Using General Large Language Models to Classify Mathematical Documents
Patrick D. F. Ion, Stephen M. Watt
TL;DR
This study investigates whether general large language models can classify mathematical documents according to the MSC2020 scheme using only titles and abstracts. By prompting a public LLM on a curated set of recent arXiv items and comparing outputs to arXiv/author MSC labels, the authors find that approximately 60% of primary classifications match, while about 40% differ; many discrepancies reveal either gaps in arXiv labeling or superior LLM-derived classifications. The work maps where LLMs align with or diverge from ground truth, documents biases from small sample size and input text quality, and demonstrates that LLMs can yield plausible, sometimes better, classifications in mathematics.
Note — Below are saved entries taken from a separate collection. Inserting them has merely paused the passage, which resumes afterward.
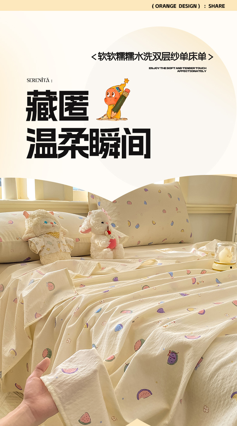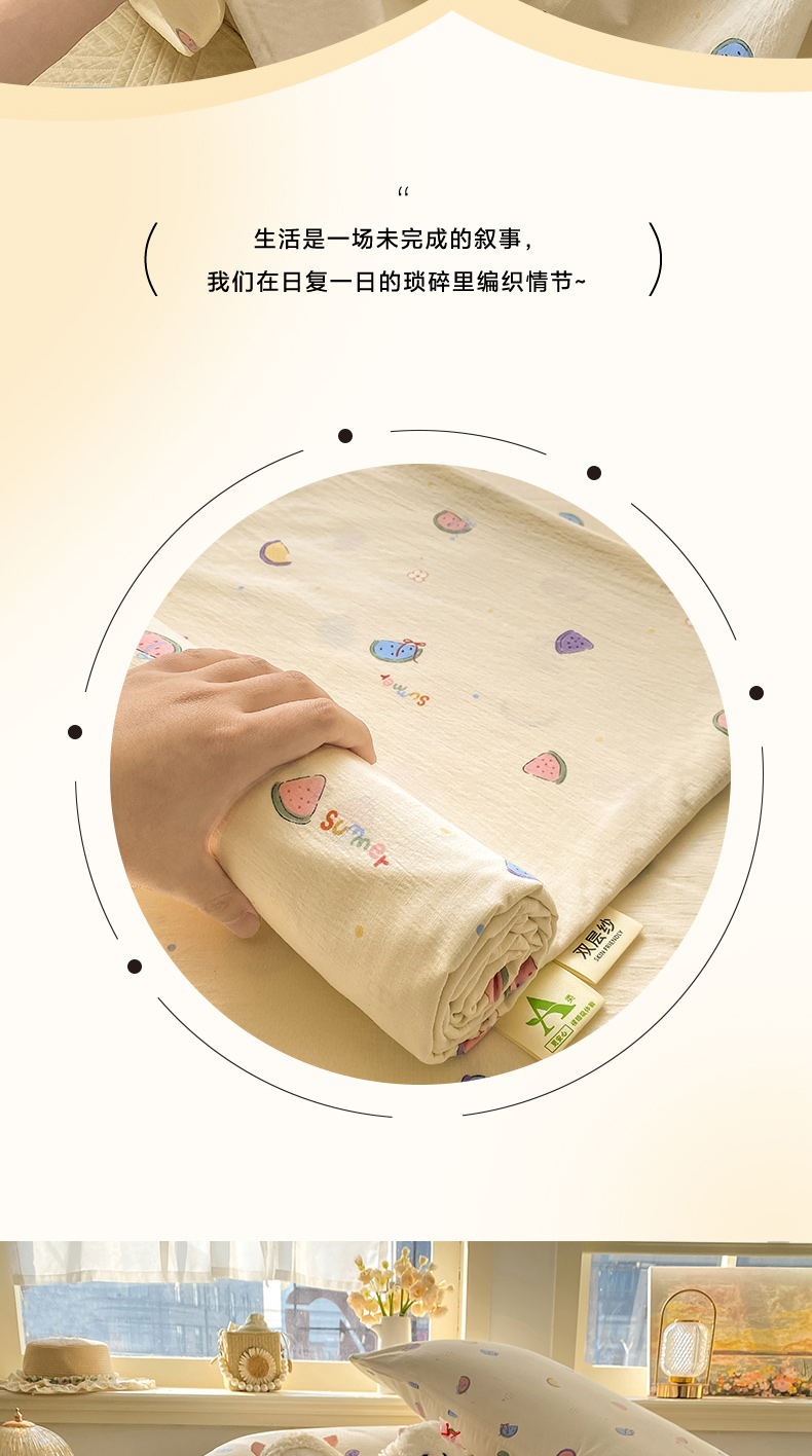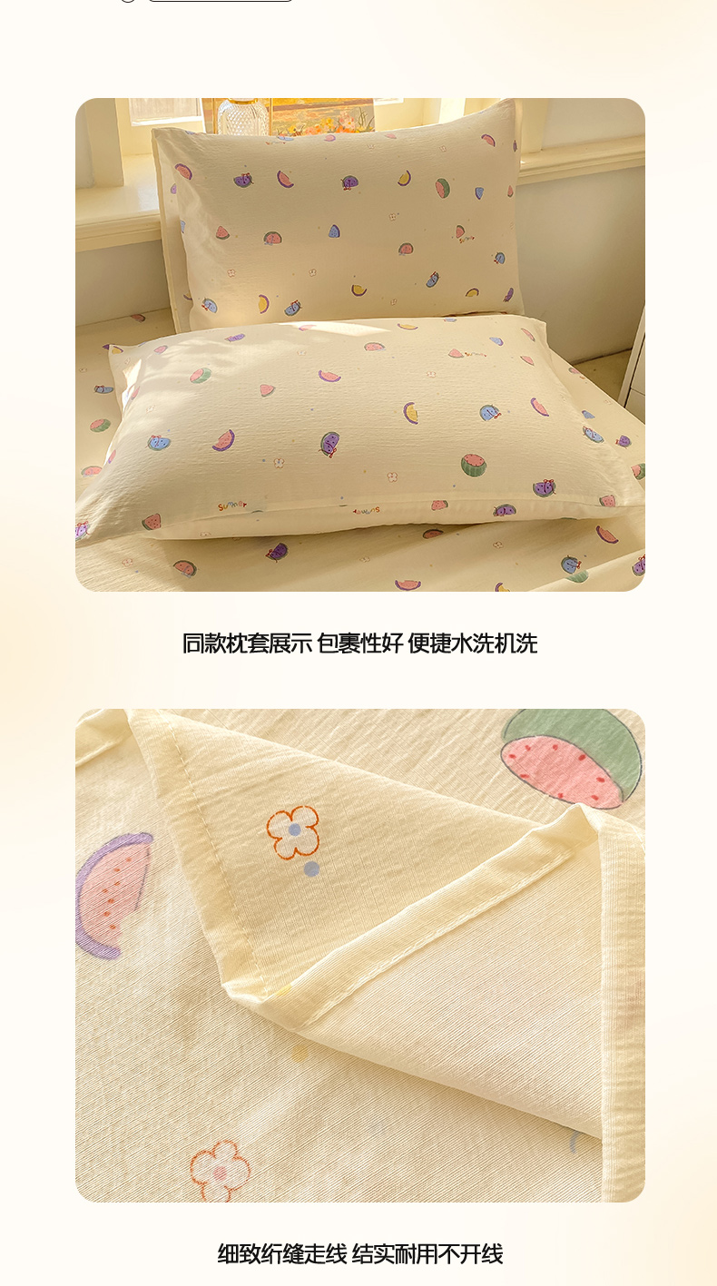• 91家纺网 家纺一手货源 找家纺 晓时候 2026新款A类云感双层纱床单三件套单品单件床单 缤纷水果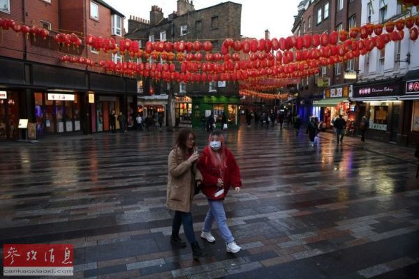 资料图片:新冠病毒导致全球多地唐人街生意萧条。图为2月13日,伦敦唐人街游客寥寥。(法新社)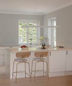 Hazel Branch ist mit ihrem schlanken Design ideal als Beleuchtung über dem Esstisch und kann auch als Küchenpendelleuchte oder beispielsweise in einem Konferenzraum verwendet werden. Die längliche Lampe ist sowohl funktional als auch elegant mit einer blendfreien LED-Lichtquelle und bietet die Möglichkeit, die Farbtemperatur und Helligkeit des Lichts über zwei Knöpfe oben am Schirm einzustellen.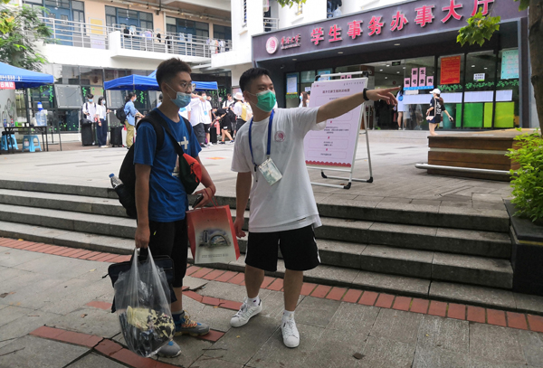 港澳台侨学生志愿者引导新生排队办理报到手续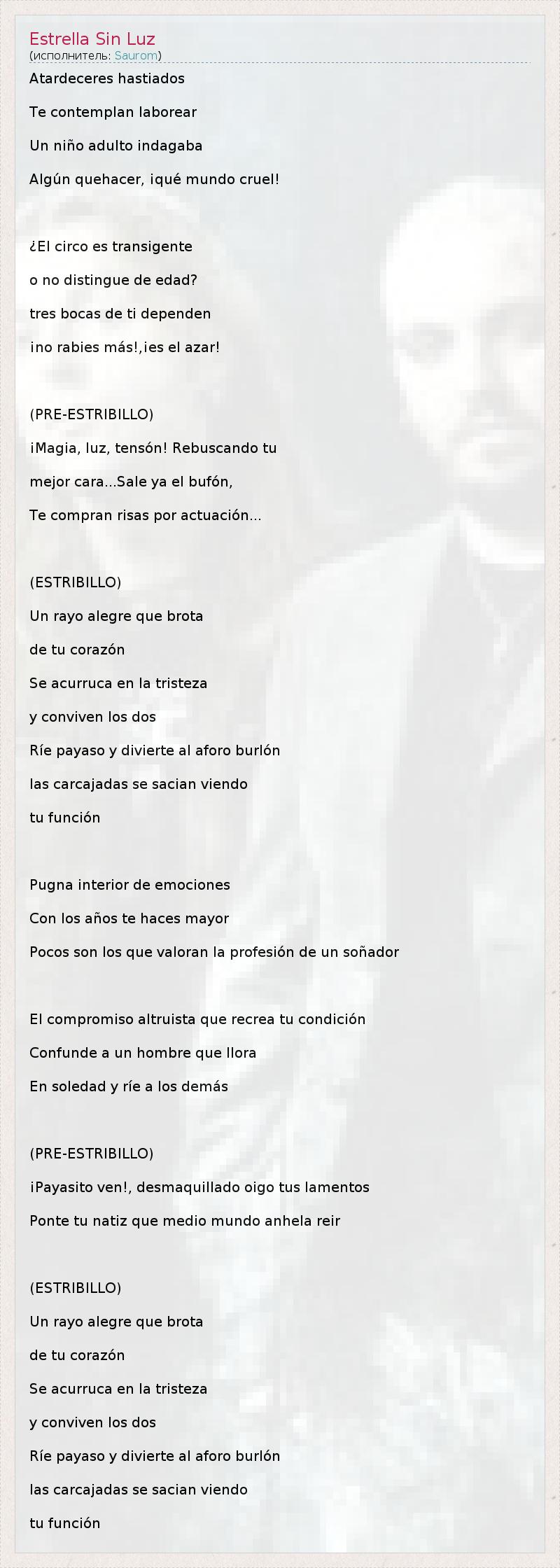 А как ты думаешь, о чем песня "Estrella Sin Luz" ?
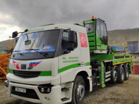 38 metr dikeydede bom uzunluğu, çift kırmalı, kasa açılır, halat tanburlu.
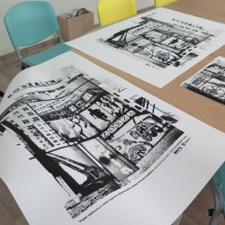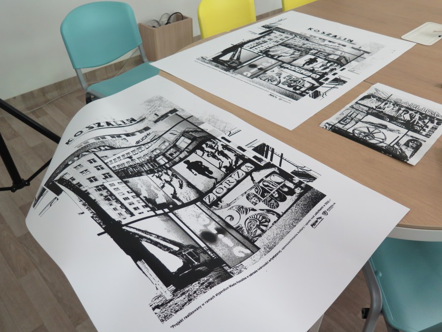 Podczas spotkania uczestnicy mogli samodzielnie wydrukować sobie koszulki, torby i plakaty w technice sitodruku. Wzór wykorzystywany podczas warsztatów był autorską grafiką Macieja Mazurkiewicza, stanowiąca połączenie znanych , koszalińskich motywów architektonicznych takich jak, neon kina Adria, budynek dawnego Empiku, Zorza, oraz mural „Maratończyk”. Grafika, była drugą realizacja Mazurkiewicza, w której wykorzystał koszalińską architekturę w warsztatach sitodruku.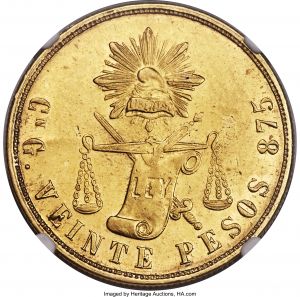 This specimen was lot 31597 in Heritage sale 3073 (Chicago, April 2019), where it sold for $2,400. The catalog description[1] noted, "Republic gold 20 Pesos 1878-Cn MS61 NGC, Culiacan mint. Slightly soft strike and a few insignificant contact marks as is often found for this issue, but still quite attractive with good luster. The first we have handled of this date." This specimen is one of a series struck at the Culiacan mint 1870-1905. Although production was substantial, many dates are rare. Mintage figures are not a reliable indicator of rarity for this type due to the accidents of hoarding; many low mintage issues are readily available while other high mintage issues are very rare. Assayer G is listed for 1876-78.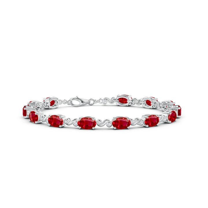 Oval Ruby Swirl Bracelet with Bezel Diamonds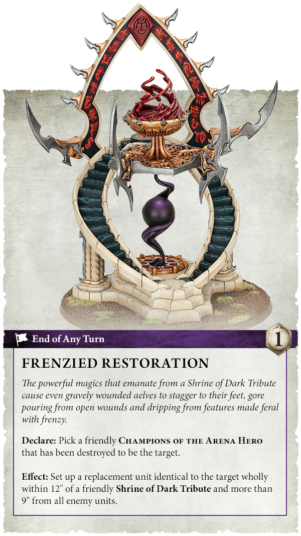 Khaine cares not from where the blood flows!* If your army is successful in the arena, you’ll be super empowered to hunt down the last dregs of your enemy, while if your foe has gotten the better of you, your survivors will be ready for a glorious last stand. Should one of your Heroes find themselves bested in the arena, they can even be reborn in blood with a Frenzied Restoration.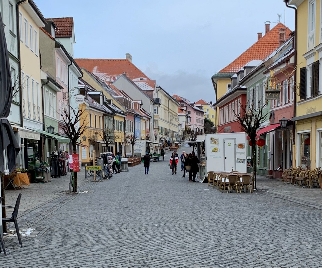 The snow that we got a few days ago has all melted away and it’s 10 degrees today. Crazy weather! It was a good thing that they cancelled the Konig Ludwig Lauf Loppet. There is no snow except for high up in the mountains now. The drive, once again, took us over the spectacular Brenner pass and the mountains were snow capped. The downhill ski areas were very apparent from the band of white artificial snow coming down the mountains in an otherwise brown landscape.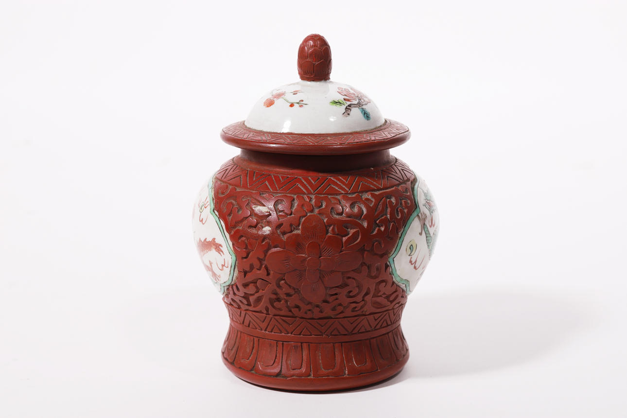 PORCELAIN VASE COVERED WITH CHINESE LACQUER.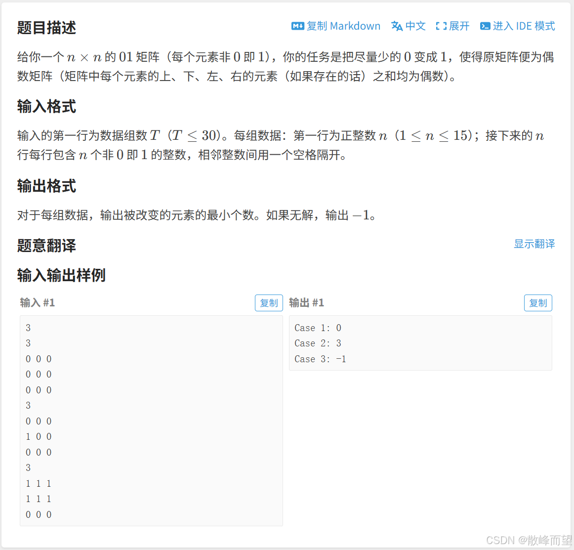 - 暴力枚举第一行的所有最终状态 ,直接二进制枚举所有结果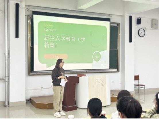 为帮助2025级新生明确学业要求与发展方向,10月15日下午,我院根据教学处要求及本院工作安排,组织开展了新生入学教育活动。活动由栗娇、石莉、韩笑、王梦杰四位老师主讲。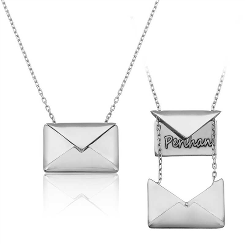 Silver Lover's Letter Women's Necklace The silver necklace with a letter from the lover, which can appeal to every taste with its rhodium color, is made of 925 sterling silver and has a high standard of quality. The silver necklace, consisting of a letter design attached to a small envelope with an elegant chain, is a very preferable product for women. The silver necklace, which you can have a note or name engraved inside, impresses with its workmanship and quality. You can also choose as a tasteful gift to make your loved ones happy on special occasions, and you can enhance your own elegance with the silver lover's letter necklace. You will be able to carry your loved ones in your heart and their names around your neck thanks to the necklace that you will carry around your neck as a manifestation of your love. Note: Returns cannot be accepted for products with names written on them. The product will be sent in a gift box... All of our products are handmade. Due to silver and precious stones, there may be a ± 10% deviation in product weight. Width: 1.70 cm Length: 1.20 cm Weight: 3.50 gr.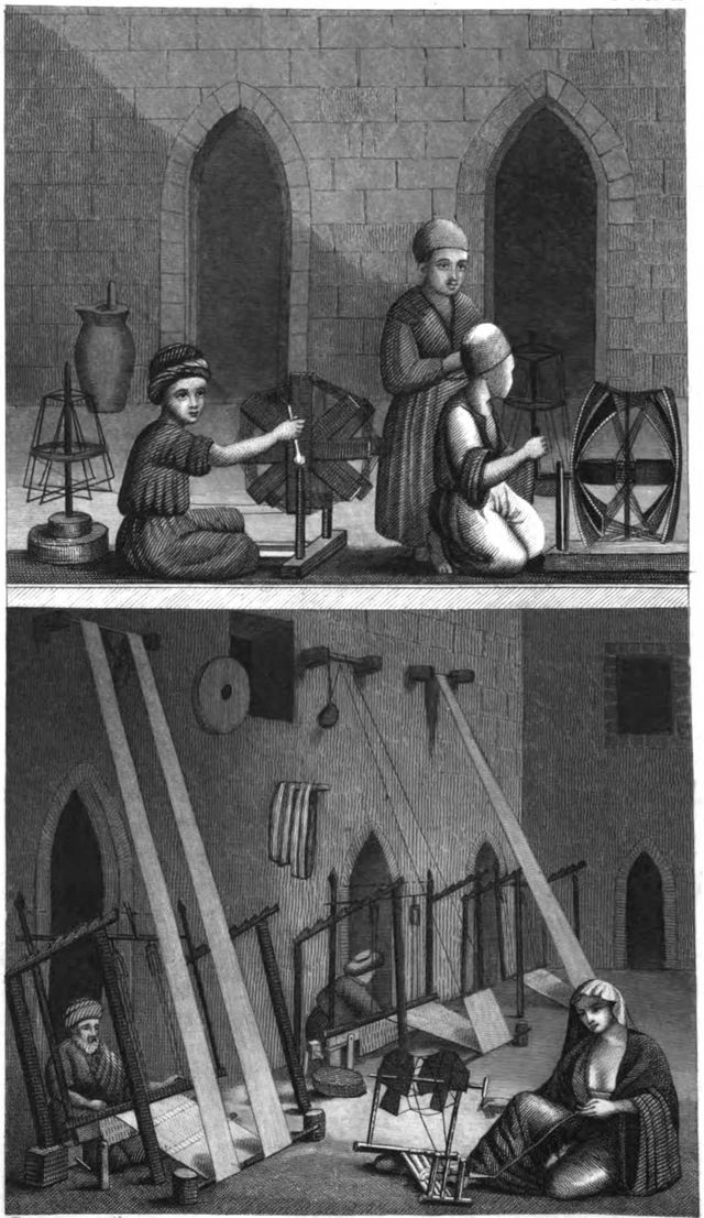 | SPINNING, DYEING, AND WEAVING.—HIGH DEGREE OF EXCELLENCE ATTAINED IN THESE ARTS. | |
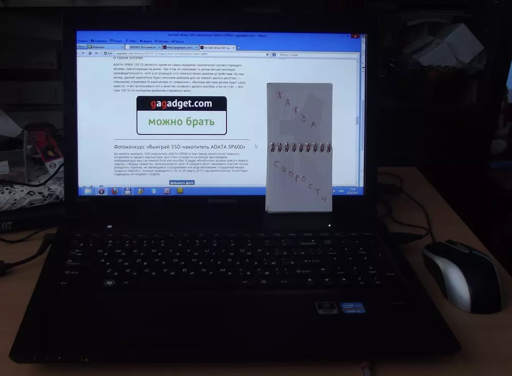 Вы можете выиграть SSD-накопитель ADATA SP600 и тем самым значительно повысить отзывчивость вашего компьютера. Для этого отправьте на конкурс фотографию, изображающую ваш системный блок или ноутбук. В кадре обязательно должна присутствовать надпись «Жажда скорости», выполненная от руки. В конкурсе могут принимать участие только резиденты Украины, не являющиеся сотрудниками или родственниками сотрудников медиа-холдинга «Магнет». Конкурс проводится с 22 по 28 марта 2013 года включительно, итоги будут подведены не позднее 1 апреля.

The paper argues that these findings justify more extensive, automated studies and tooling to support automatedMSC annotations, with attention to robustness, formula handling, and potential web-service deployment. Overall, the results suggest that LLMs are a promising component for automated mathematics literature classification, warranting further development and larger-scale evaluation, while also highlighting hallucination risks that must be mitigated.
Abstract
In this article we report on an initial exploration to assess the viability of using the general large language models (LLMs), recently made public, to classify mathematical documents. Automated classification would be useful from the applied perspective of improving the navigation of the literature and the more open-ended goal of identifying relations among mathematical results. The Mathematical Subject Classification MSC 2020, from MathSciNet and zbMATH, is widely used and there is a significant corpus of ground truth material in the open literature. We have evaluated the classification of preprint articles from arXiv.org according to MSC 2020. The experiment used only the title and abstract alone -- not the entire paper. Since this was early in the use of chatbots and the development of their APIs, we report here on what was carried out by hand. Of course, the automation of the process will have to follow if it is to be generally useful. We found that in about 60% of our sample the LLM produced a primary classification matching that already reported on arXiv. In about half of those instances, there were additional primary classifications that were not detected. In about 40% of our sample, the LLM suggested a different classification than what was provided. A detailed examination of these cases, however, showed that the LLM-suggested classifications were in most cases better than those provided.